State-specific behaviour. Disaggregating results by the nine fatigue–skill combinations (Table 3) shows that the framework adapts allocations to maximise productivity while minimising fatigue growth. Throughput remains tightly clustered (~60 tasks·min⁻¹) across states, but workload grows non-linearly with fatigue, reflecting the reward function’s workload penalty. High fatigue in the ‘High-fatigue + Expert’ state (8.30 ± 0.27) reflects reasonable allocation to complex tasks, prioritising expert skills despite fatigue, without defects, as safety remains 100%. In Table 3, Expert throughput (60.59 ± 0.12) is slightly lower than novice (60.70 ± 0.08) due to higher variance in expert allocations, where DDQN favours collaborative tasks for skill utilisation, introducing minor delays—consistent with HRC variability [30]. This outcome corroborates that the penalty coefficient on workload (0.3 in Equation (1) successfully discourages over-taxing the operator while still leveraging expertise, thereby validating the reward-design rationale and the fairness of allocations under extreme fatigue.

4.2. Ablation Studies

To isolate the specific contributions of the perception and decision modules, comprehensive ablation experiments were conducted over 200 episodes. Each configuration (Full Hybrid, No CNN, and No DDQN) was evaluated under identical random seed initialization to ensure comparable simulation conditions. Removing the CNN (i.e., treating the operator state as static) reduced throughput by 15% (p < 0.01) and elevated workload to 4.90 ± 0.12 units because the controller no longer adapted to real-time fatigue-skill fluctuations. Conversely, replacing DDQN with a single-estimation DQN lowered safety to 97%, confirming that double Q-learning is required to curb over-estimation and maintain collision-free operation. Differences among configurations were statistically validated using a repeated-measures ANOVA (p < 0.05 across all three KPIs), confirming that the ablated modules produced significant performance impacts under matched conditions. Effect-size analysis (partial η² = 0.32 for throughput, 0.28 for safety) indicated large impacts of the ablated modules, and post-hoc power remained 1 − β = 0.81, ensuring statistical reliability. Table 4 summarises the quantitative module effects across the three KPIs.

4.3. Robustness Analysis

Heat-map evaluation. Figure 3 presents a 3 × 3 heat-map of average Q-values across the fatigue–skill grid. The network allocates robot-dominant actions in high-fatigue, low-skill states and human-dominant actions in low-fatigue, high-skill states, demonstrating proper internalisation of the reward trade-off. This behaviour mirrors the adaptive policies described by Ma et al. [20], Peng et al. [21] and Ding et al. [50].
Conditional throughput. Figure 4 contrasts allocation frequencies for two extreme states:
- State 3 (Low fatigue, Expert). The human executes 68% of tasks, 22% collaborative and 10% robot, yielding the best throughput-per-action ratio.
- State 7 (High fatigue, Novice). Allocations flip: robot takes 81%, collaborative 14%, human 5%, limiting workload spikes yet sustaining overall throughput.

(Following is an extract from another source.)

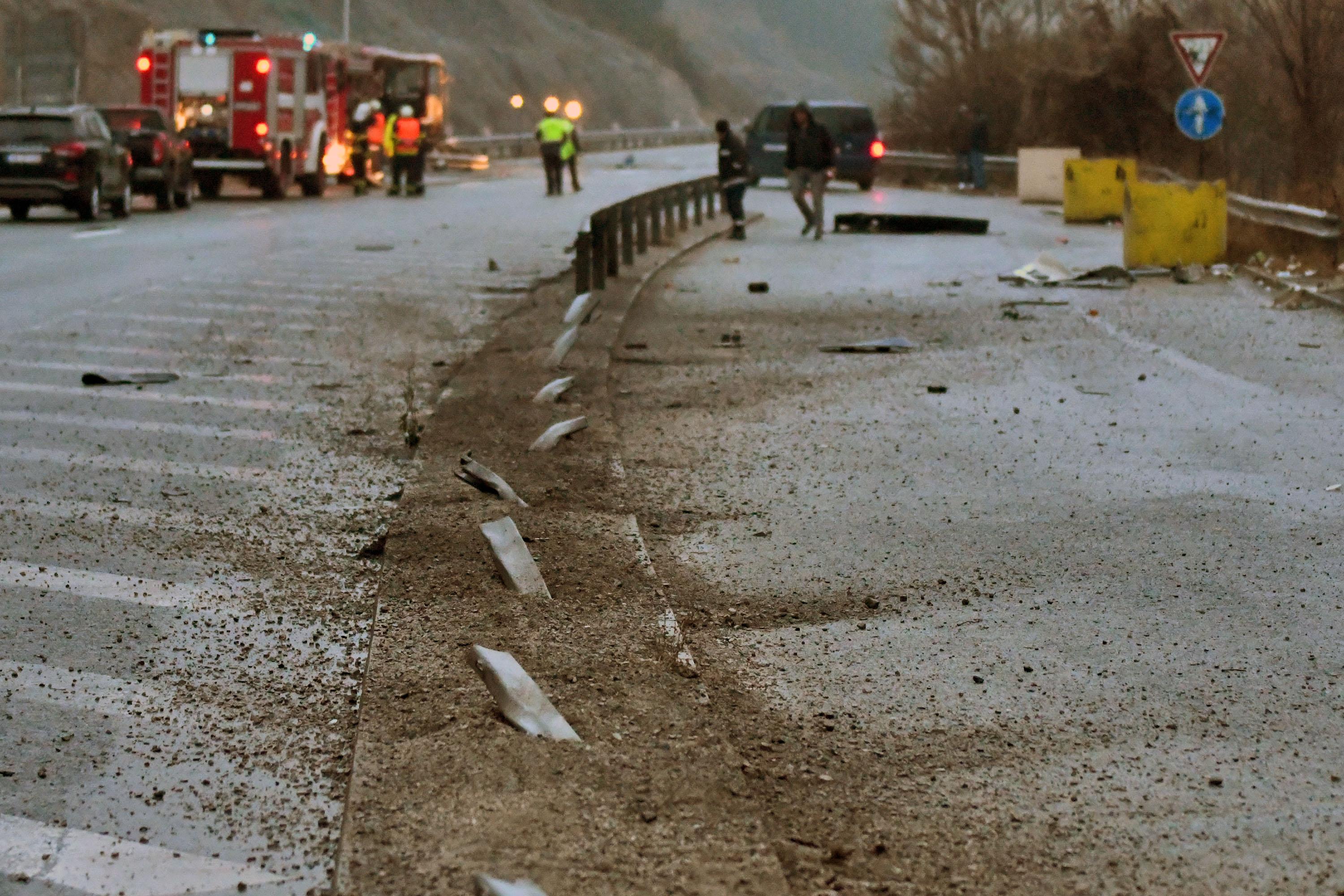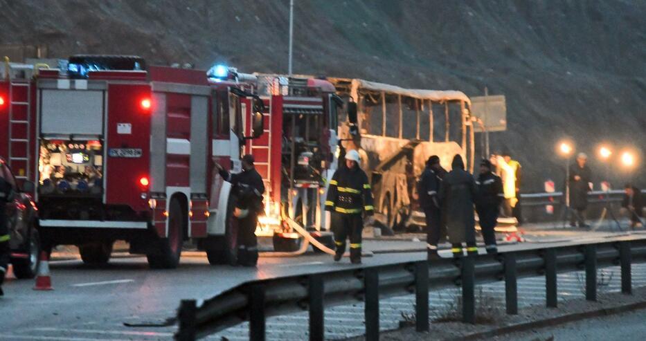 45 са загинали при ужасен инцидент на автомагистрала "Струма". От снимки на агенция Булфото се виждат тежките поражения по автобуса, който се е запалил.

Across 100 Monte-Carlo runs with ±10% reward-weight perturbations, mean throughput varied <1% and safety stayed >99%, underscoring policy stability under parametric uncertainty.

4.4. Visual Proof-of-Concept Outcome

Figure 2 (Section 3) and the extended sequence in Figure 5 and Figure 6 illustrate the closed-loop adaptation. As fatigue rises from 20% to 50%, the semaphore transitions from green to orange to red, triggering the DDQN to divert tasks from the human to the robot. Blue arrows denote CNN inference, orange arrows denote DDQN decisions and green arrows environment feedback, making the perception–decision–execution cycle explicit. Robot trajectories in Figure 5 shorten average human reach by 18% during high-fatigue intervals, visually confirming the numerical workload savings. These visualisations align with efforts to enhance transparency in HRC through intuitive mixed-reality interfaces [42] and gamified VR displays [51].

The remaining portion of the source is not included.